The Gothic castle dominates one end of the square and while it was built in the 14th century, it underwent a significant alteration toward the Renaissance style. Zacharias of Hradec was a nobleman, who after the premature death of his father, took over his part of the paternal heritage (Telc and other nearby villages). At one point, he took part in a trip of Czech noblemen to Italy to welcome there the elected Czech king Maximilian II. It was his exposure to the Italian Renaissance architecture that prompted him to reconstruct the Telc square with Renaissance gables, as well as to reconstruct the castle, including the lovely interiors and furniture in the Renaissance style, using Italian artists.
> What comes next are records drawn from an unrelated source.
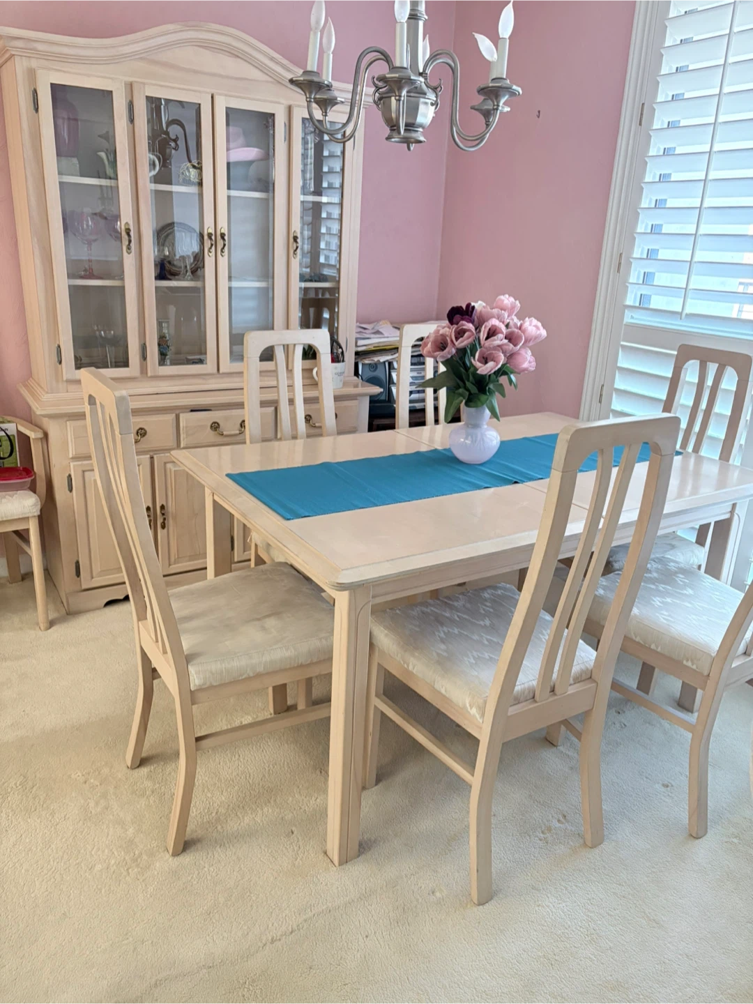 This dining room set includes a hutch with glass doors and a large dining table with seven chairs and two leaves . The chairs are upholstered with a light-coloured fabric. The wood finish is a pale, creamy tone. It's perfect for a family meal!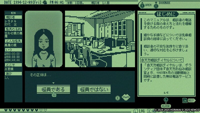本作は、1994年の日本を舞台に、怪異専門の電話相談室の新人として【怪異】の仕業かどうかを判定するアドベンチャーゲームです。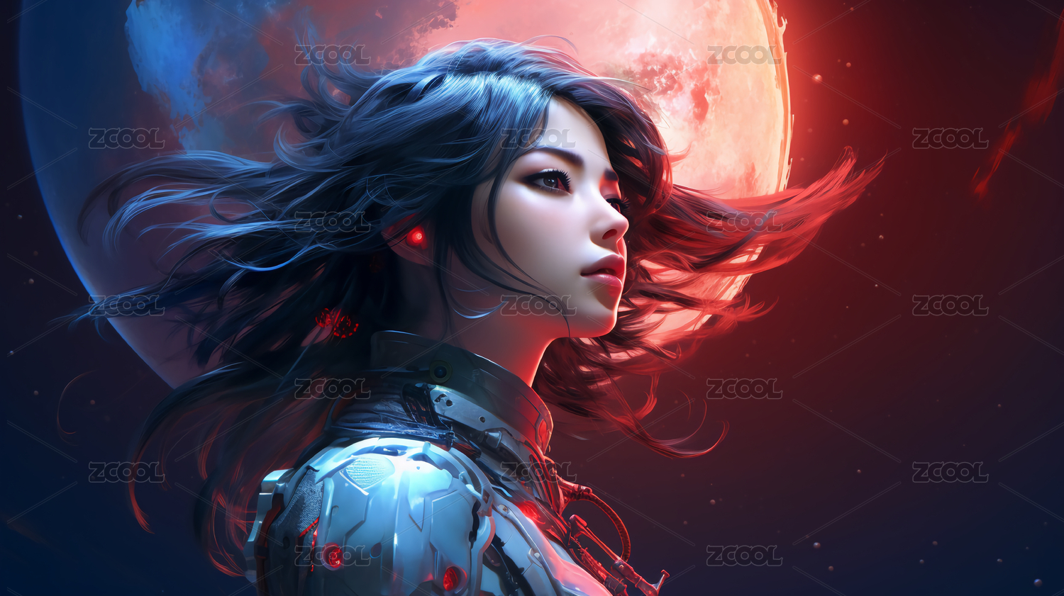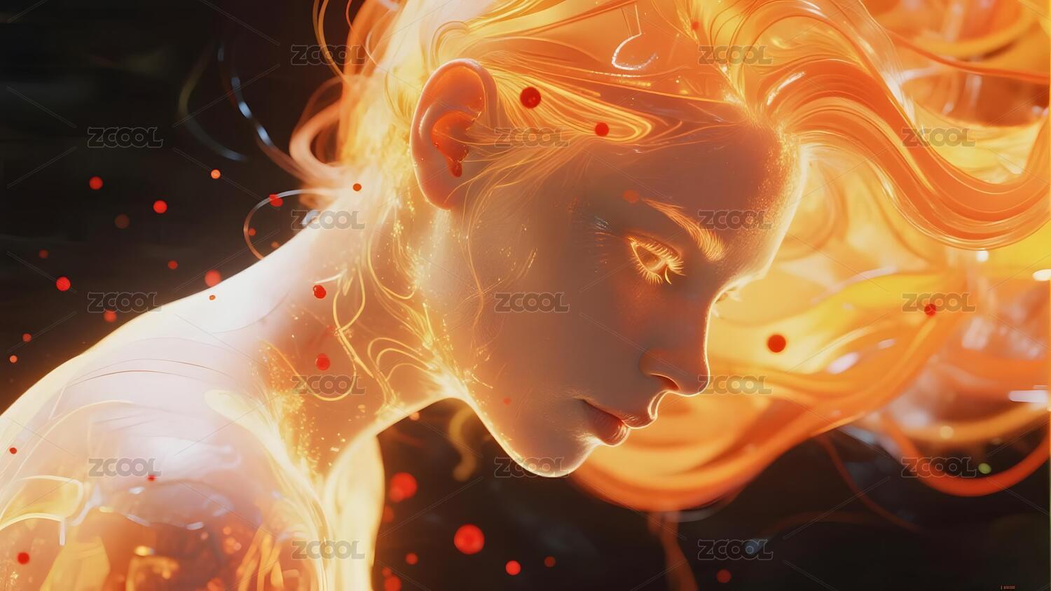 艺术,冰冷,神秘,眼神,长发,火焰,飘逸,红发,女妖,妖娆

The most beautiful rooms are the Renaissance halls with unique gild waffle ceilings with lavish figural ornaments, an extraordinary example of Renaissance woodcarving. For example, in the Theatre Hall, the ceiling is formed by the panels containing painted masquers. In the ceiling of the Knight Hall, you will see paintings of the acts of Hercules on the wooden waffle ceiling of 1570. The Blue Hall contains the allegory of four elements personified by the Roman gods and is named after the color of the fields of the Renaissance waffle ceiling. The ceiling of the famous Golden Hall consists of 30 octagonal panels with impressive figurative wooden carvings and is one of my favorites, as well as one of the Chateau’s most spectacular halls.
Czech cuisine thrives on pork dumplings (steamed and sliced bread-like), cabbage (not like sauerkraut but boiled with a light sugar sauce), boar, rabbit, fried chicken, potatoes, and bacon. They also have simple panini sandwiches at smaller cafes. And definitely try the Moravian wine and tell me if you like it!
About the Author:
Preethi Chandrasekhar is a freelance travel writer/influencer with a passion for sharing her travel stories to inspire people to explore more of this beautiful world. She’s interested in experiential travel and writes frequently about off the beaten path destinations. Follow her on Instagram and her blog, The Eager Traveler, for more of her travel pics and stories!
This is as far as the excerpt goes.